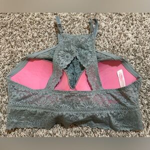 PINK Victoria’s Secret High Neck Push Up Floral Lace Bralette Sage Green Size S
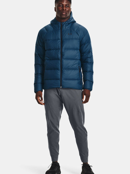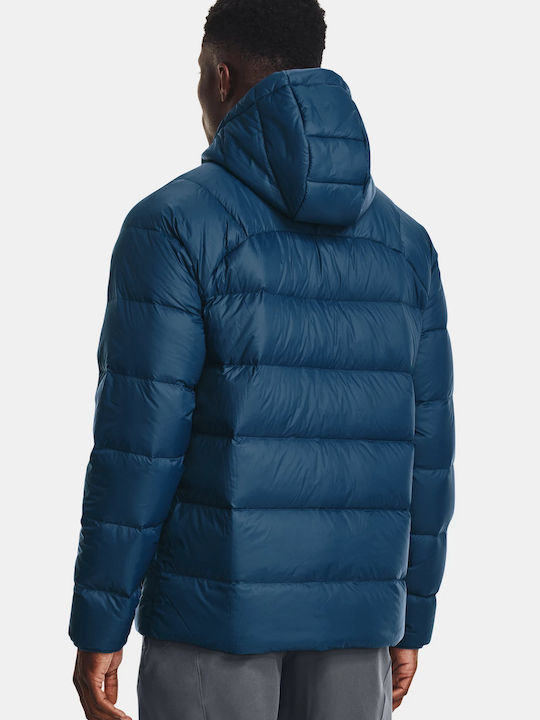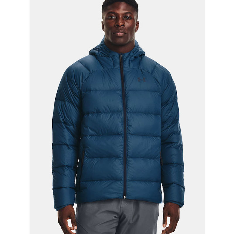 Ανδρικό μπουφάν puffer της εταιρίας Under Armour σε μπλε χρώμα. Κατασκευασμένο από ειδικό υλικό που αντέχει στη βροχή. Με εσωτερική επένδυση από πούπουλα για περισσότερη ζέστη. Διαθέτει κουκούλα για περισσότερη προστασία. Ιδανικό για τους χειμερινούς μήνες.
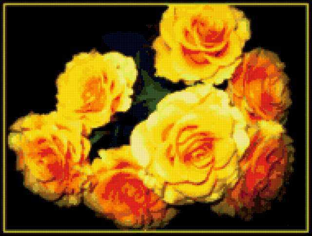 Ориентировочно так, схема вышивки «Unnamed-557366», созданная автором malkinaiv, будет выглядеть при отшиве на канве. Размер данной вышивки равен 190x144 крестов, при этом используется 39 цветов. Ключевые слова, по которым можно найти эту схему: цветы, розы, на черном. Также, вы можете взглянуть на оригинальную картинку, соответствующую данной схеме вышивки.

+++

■ TASK STATEMENT
Leaving the pictures out, output all of the listing exactly.

■ EXERCISE RESULT
 PINK Victoria’s Secret High Neck Push Up Floral Lace Bralette Sage Green Size S
 Ανδρικό μπουφάν puffer της εταιρίας Under Armour σε μπλε χρώμα. Κατασκευασμένο από ειδικό υλικό που αντέχει στη βροχή. Με εσωτερική επένδυση από πούπουλα για περισσότερη ζέστη. Διαθέτει κουκούλα για περισσότερη προστασία. Ιδανικό για τους χειμερινούς μήνες.
 Ориентировочно так, схема вышивки «Unnamed-557366», созданная автором malkinaiv, будет выглядеть при отшиве на канве. Размер данной вышивки равен 190x144 крестов, при этом используется 39 цветов. Ключевые слова, по которым можно найти эту схему: цветы, розы, на черном. Также, вы можете взглянуть на оригинальную картинку, соответствующую данной схеме вышивки.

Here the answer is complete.